PROBLEM DETAILS => What is needed is an exact reproduction of the lines from the one that contains "WooCommerce Conditional Shipping" through the end of the data, both included and nothing else, with pictures omitted.

SUPPLIED DATA section start

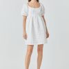 A baby doll mini dress created with textured fabric that features puffy sleeves and a flattering scoop neckline. It’s lined for comfortable all-day wear and has hidden pockets.
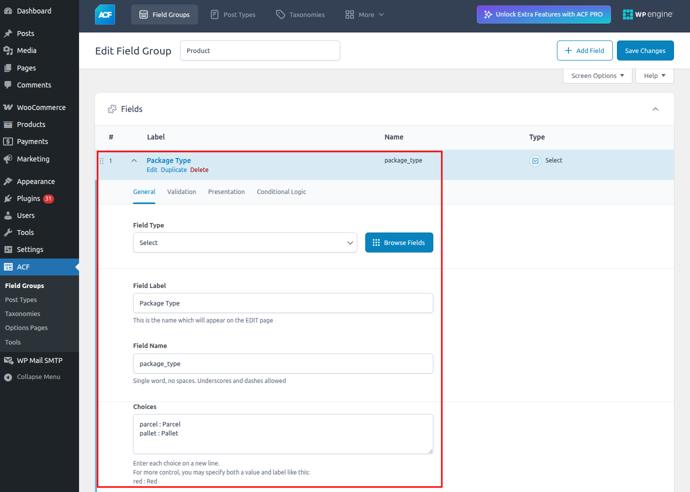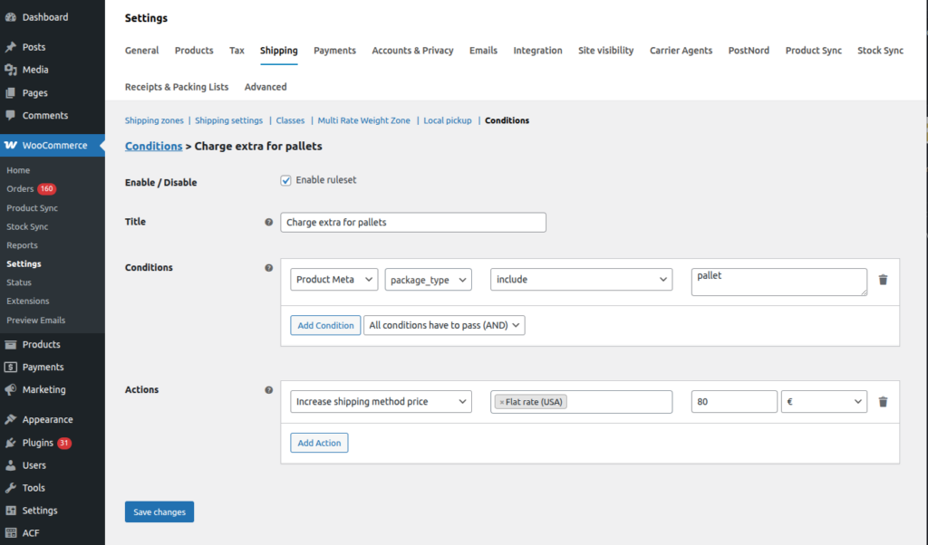 WooCommerce Conditional Shipping Pro makes this easy with the Product Meta condition. You can add custom meta fields using various plugins, with Advanced Custom Fields being a popular choice. In this example, you will learn how to add an extra shipping charge for products shipped on a pallet.
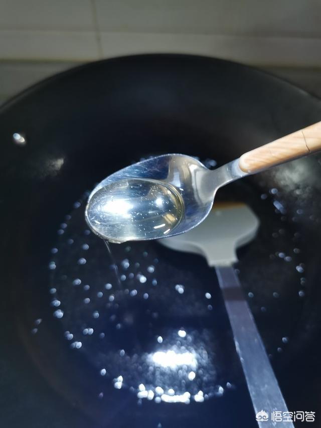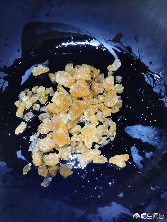 3、フライパンに底油をひき、油が熱くなったら氷砂糖を入れ、弱火で炒める。
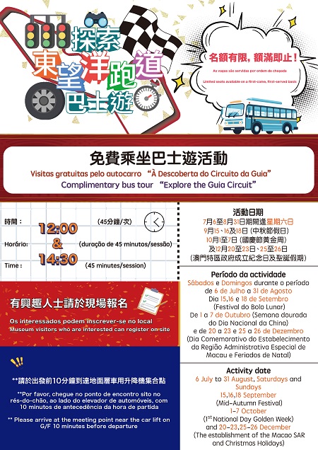 每個上述特定日子將舉行兩場免費巴士遊活動,時間分別為中午12時正及下午2時30分,博物館參觀者可憑當天的參觀門票於服務櫃枱報名,免費乘坐旅遊巴環繞澳門東望洋跑道一圈,名額有限,額滿即止。每班車程連同講解介紹約為45分鐘,沿途安排本地導遊陪同及介紹賽車跑道的特色,進一步豐富居民和旅客的參館體驗。

SUPPLIED DATA section end

RESPONSE FOR THIS EXERCISE =>
 WooCommerce Conditional Shipping Pro makes this easy with the Product Meta condition. You can add custom meta fields using various plugins, with Advanced Custom Fields being a popular choice. In this example, you will learn how to add an extra shipping charge for products shipped on a pallet.
 3、フライパンに底油をひき、油が熱くなったら氷砂糖を入れ、弱火で炒める。
 每個上述特定日子將舉行兩場免費巴士遊活動,時間分別為中午12時正及下午2時30分,博物館參觀者可憑當天的參觀門票於服務櫃枱報名,免費乘坐旅遊巴環繞澳門東望洋跑道一圈,名額有限,額滿即止。每班車程連同講解介紹約為45分鐘,沿途安排本地導遊陪同及介紹賽車跑道的特色,進一步豐富居民和旅客的參館體驗。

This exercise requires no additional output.